The best production systems combine both approaches. Google uses active probes at 1 to 10 second cadence with 2 to 3 failure thresholds from multiple regions, achieving 5 to 30 second detection under tuned configs, while also implementing passive request tracking to catch gray failures where health endpoints return 200 but actual requests experience high tail latency due to issues like CPU soft lockups or network interface problems.
💡 Key Takeaways
•Active probes at AWS defaults of 30 second intervals with 2 failure threshold yield 60 to 70 second detection times. Tuning to 5 to 10 second intervals with 2 to 3 thresholds reduces this to 10 to 30 seconds for SLO compliance.
•Passive detection can react in under 1 second to actual traffic failures. Netflix circuit breakers trip at over 50% errors in 10 second windows, catching problems before the 90 second Eureka registry eviction completes.
•Active checks risk false positives during garbage collection pauses or network jitter. Phi accrual failure detectors (used by Cassandra with 1 second heartbeats and phi threshold around 8) treat failure as a suspicion level rather than binary timeout, achieving 8 to 12 second typical detection while tolerating Java stop the world pauses.
•Passive observation can conflate client bugs with server health. A buggy client sending malformed requests causes 4xx errors that look like backend problems. Separate 5xx (server fault) from 4xx (client fault) in outlier detection logic.
•Combining both approaches catches different failure modes. Active probes detect complete hangs without traffic, while passive metrics catch gray failures where health endpoints lie but real requests fail with high tail latency or partial errors.
📌 Examples
Envoy outlier ejection removes hosts after 5 consecutive 5xx responses with a base ejection time of 30 seconds, then gradually reinstates via half open probes. This catches real traffic failures faster than periodic health checks.

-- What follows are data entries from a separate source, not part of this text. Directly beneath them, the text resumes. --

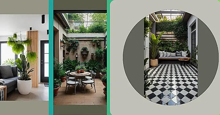 Imagine having a secret garden, right inside your house! This picture shows a super cool indoor courtyard—it’s like a mini jungle, but way more stylish. There’s a comfy table and chairs perfect for afternoon tea (or maybe a secret meeting of plant-lovers?). The walls are covered in pots bursting with greenery, hanging like magical, leafy decorations. It’s like stepping into a fairytale, except instead of a prince, you’ll find adorable potted plants.
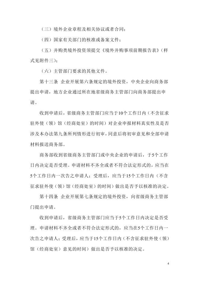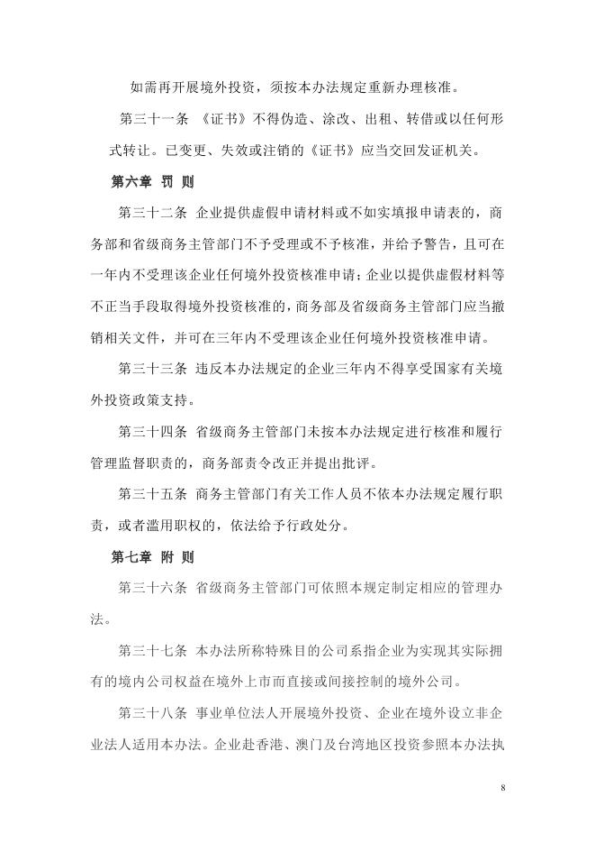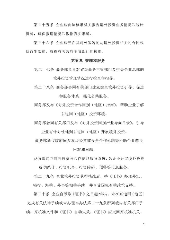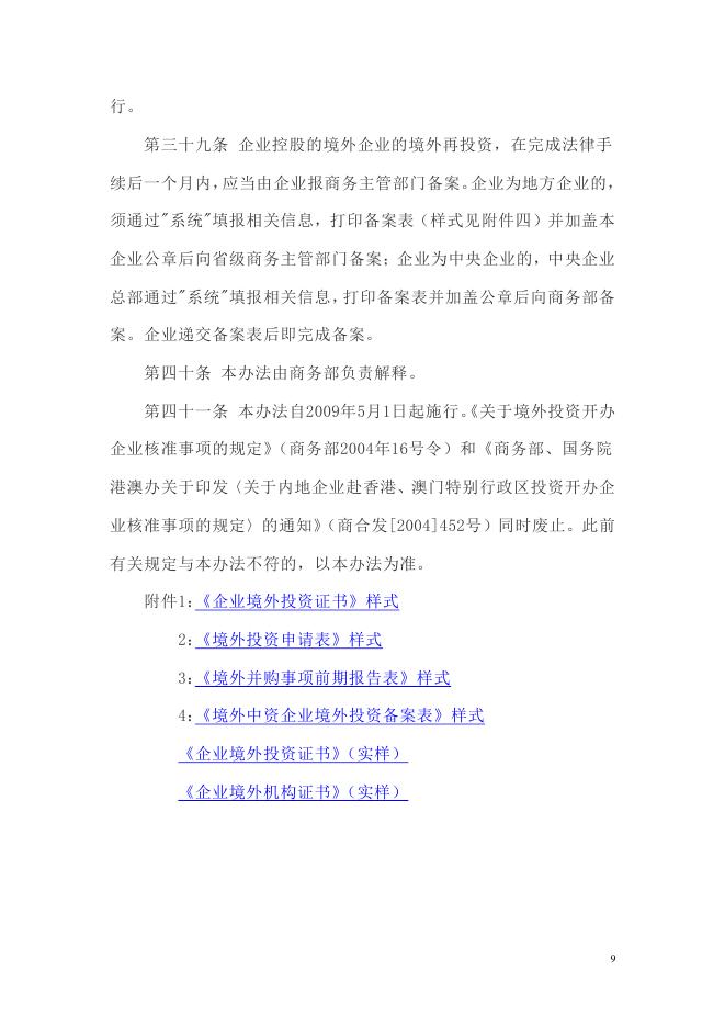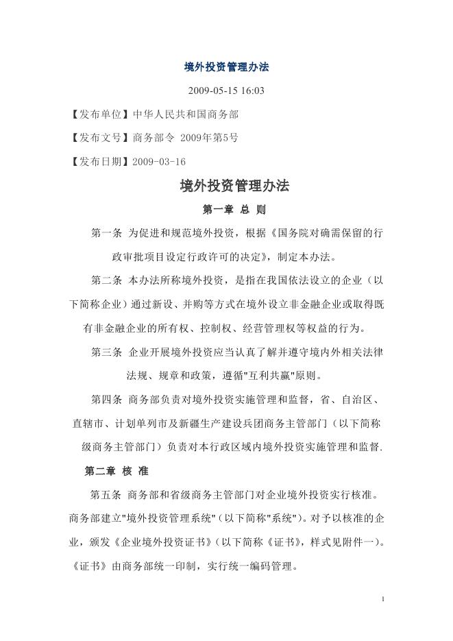 (16)商务部令,2009年第5号《境外投资管理办法》
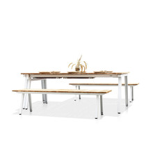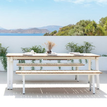 This charming bench is available in three sizes that align with the Maxximus Extension Tables and fixed tables. Add a couple of these long wooden seats to a few Mamagreen chairs to accommodate a large group around an outdoor dining table.
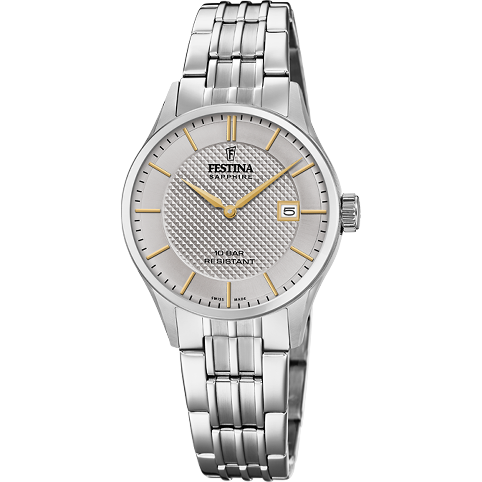 Festina Damenuhr Referenz f20006/2 der Swiss Made Kollektion. Ausgestattet mit einem Edelstahlgehäuse, Saphirglas und einem Edelstahlbband.
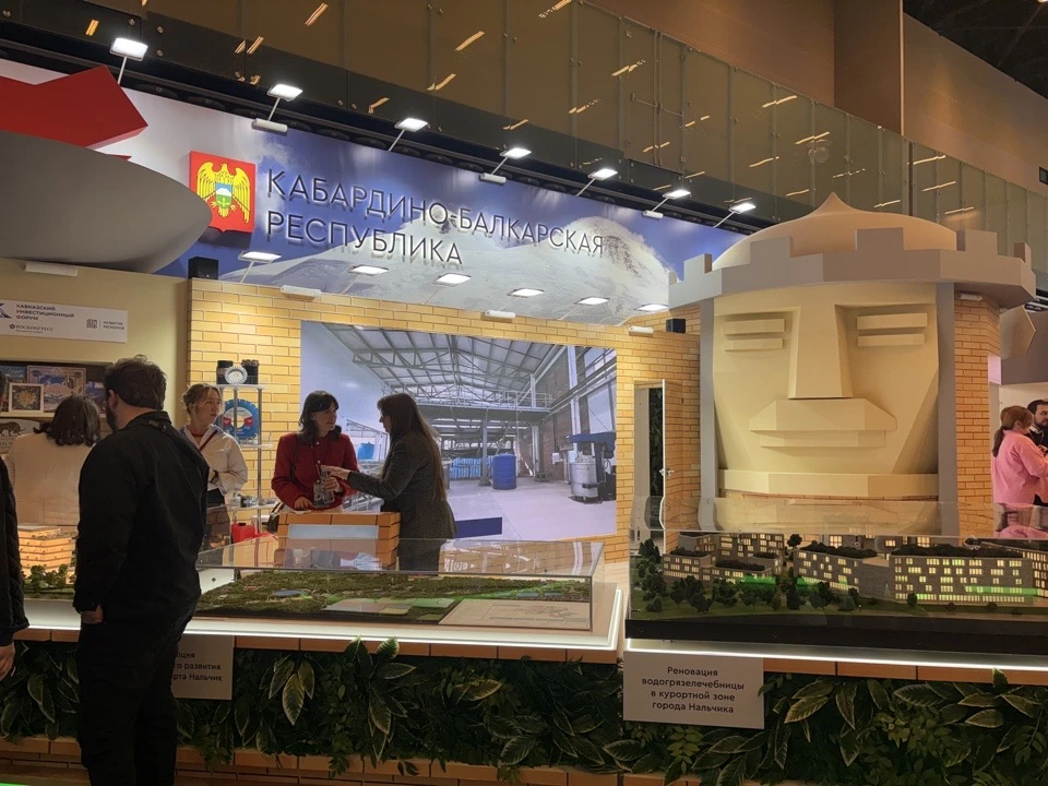 На коллективном стенде Кабардино-Балкарии представлены три инвестиционных проекта по развитию курорта Нальчик, визуализированные в виде макетов.

Cassandra uses phi accrual failure detector with 1 second heartbeats and phi threshold of 8. This yields roughly 8 to 12 second detection depending on variance, balancing sensitivity against tolerance for Java garbage collection pauses that can freeze a process for seconds.
Google production runs black box probers from multiple regions at 1 to 10 second cadence. They require failures from multiple vantage points before global removal to distinguish local network issues from true service outages, avoiding split brain scenarios during availability zone partitions.